According to Jouini, it wasn’t enough to be the first mover, their technology had to be the best and the most affordable at the time. The company opened another office in Spain and Germany, serving companies in these countries with a global-first product. A French company with branches in 40 countries, for instance, can use its service in those countries seamlessly.
“We are providing a global solution but, from a sales and growth perspective, we are focused on Europe,” Jouini said.
Today, the company is not just an archiving tool for invoices, it offers end-to-end expense management. It has recently started issuing payment cards to its customers, meaning customers, on top of managing expenses, can now even pay with the Expensya card—which can be a virtual or physical card, or both. For now, it can only offer cards in Europe but has partnered with a global bank to cater to card requests outside Europe.
“Employees could only request to be reimbursed after spending before now but with our card, they can now spend in real time,” Jouini said. “And our software ensures that they are respecting the company’s spending policy and that of the country they are spending from.”
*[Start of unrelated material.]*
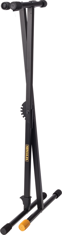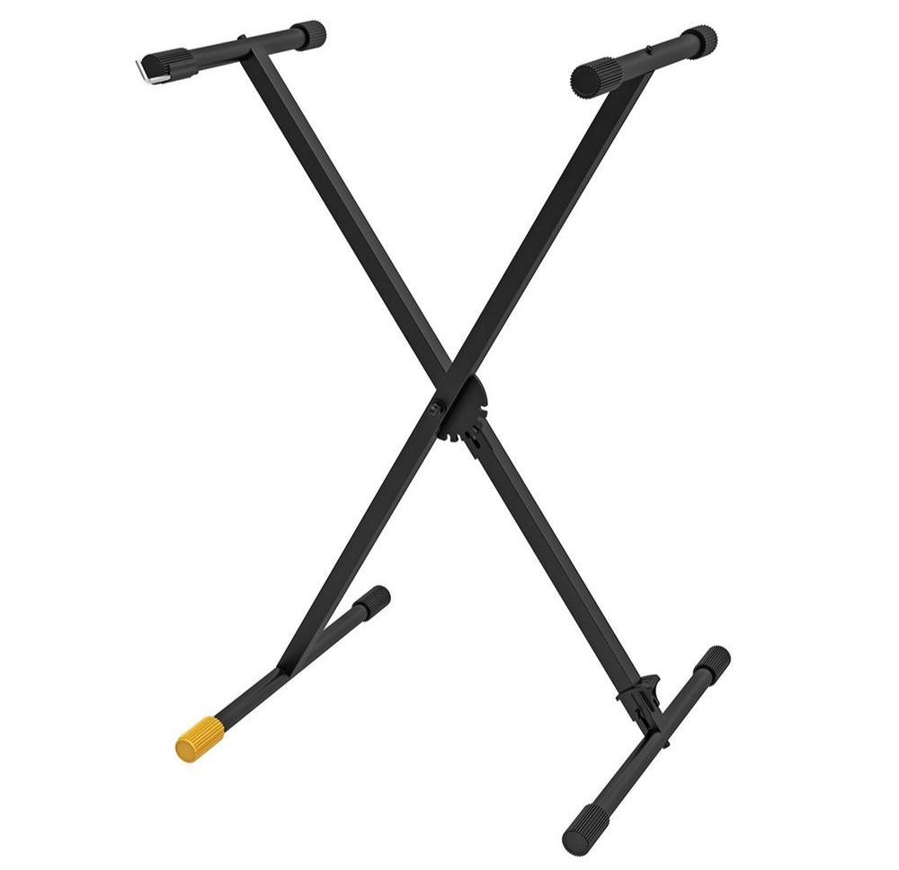 Hercules KS100B EZ Step Keyboard Stand. It features a collapsible foldable design, stores in 88% of the space it takes to store a full size keyboard stand, stand sets to 6 different positions with a foot pedal trigger.
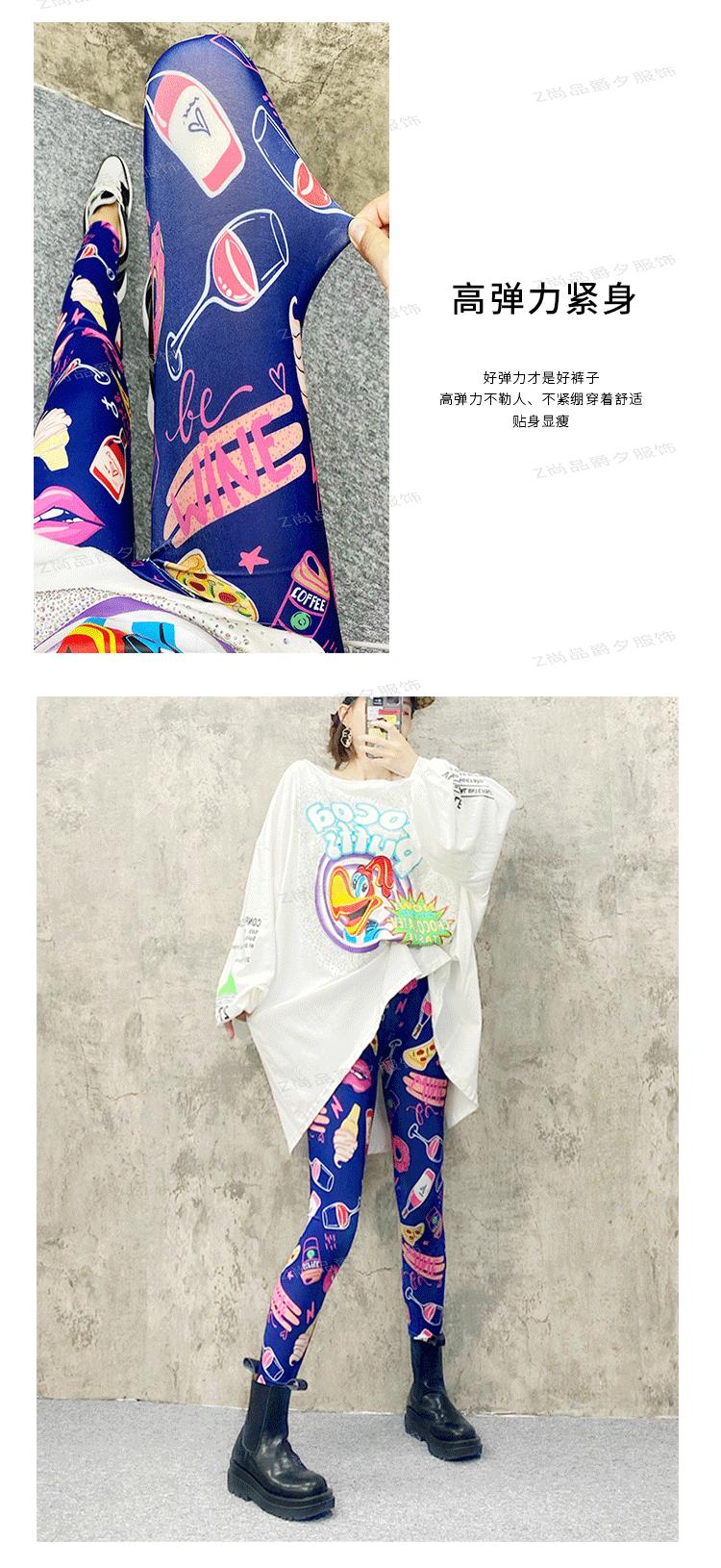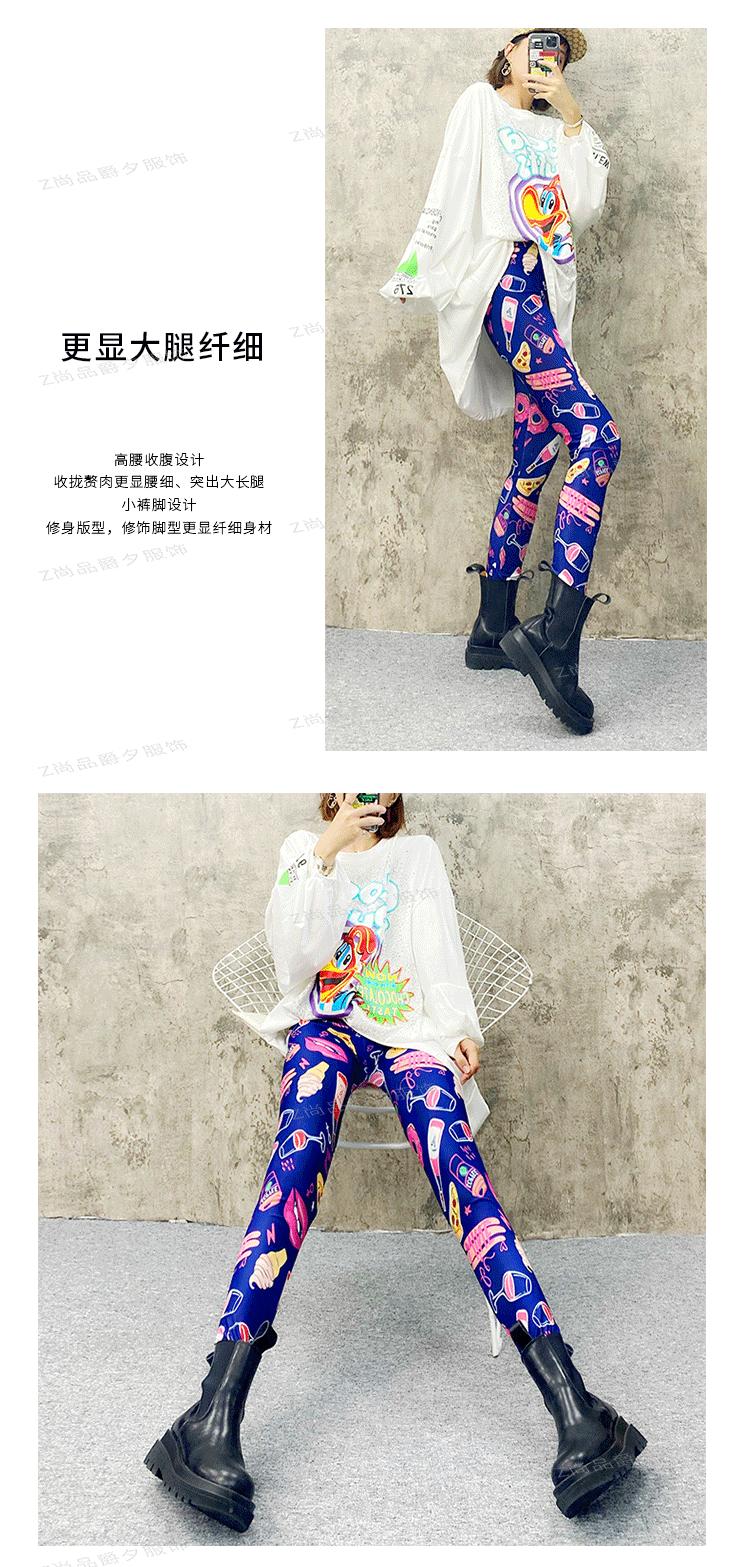 Leggings de Mujer de Nuevo Estilo para Ropa Exterior, Elásticos de Cintura Alta, Estampado Personalizado, Pantalones Cortos Adelgazantes Europeos y Americanos, Mallas de Yoga Coloridas

But how does Expensya deal with regulation? According to the CEO, the company has an in-house compliance team that focuses on making sure the company is abiding by the vast regulations of its operating countries. The company also segments its market into 3. Tier 1—all European countries, Canada, the UK, the US, Tunisia, Morocco, and Algeria—where it offers a 360-degree service including its card payment. Tier 2—countries in eastern Europe, the Middle East and West Africa—where the company offers a lot of its services except the card payment. And tier 3—India and China—where Expensya is present but with limited traction.
Expensya is a venture-backed startup and one of the most funded startups in Tunisia and the Maghreb region combined. It raised its first funding in 2016, and another in 2017 and 2018. But its recent raise of $20 million came last year from French and German investors like MAIF Avenir, Silicon Badia, ISAI, and Seventure Partners.
But there are many other venture-backed competitors in the European market like French Spendesk, which attained unicorn status in January after raising $144 million; Danish Pleo, another unicorn worth $4.7 billion; and German Moss, which also raised $86 million in investment and was valued at over $500 million in January this year.
While expenses management startups like Tanzanian Bizzyn and Nigerian Flex Finance, Dillali, and new market entrant Heycard are building specifically for African businesses, Expensya’s major focus is Europe.
So will Expensya consider looking extensively into the African market?
“Yes,” Jouini said, with a faint smile.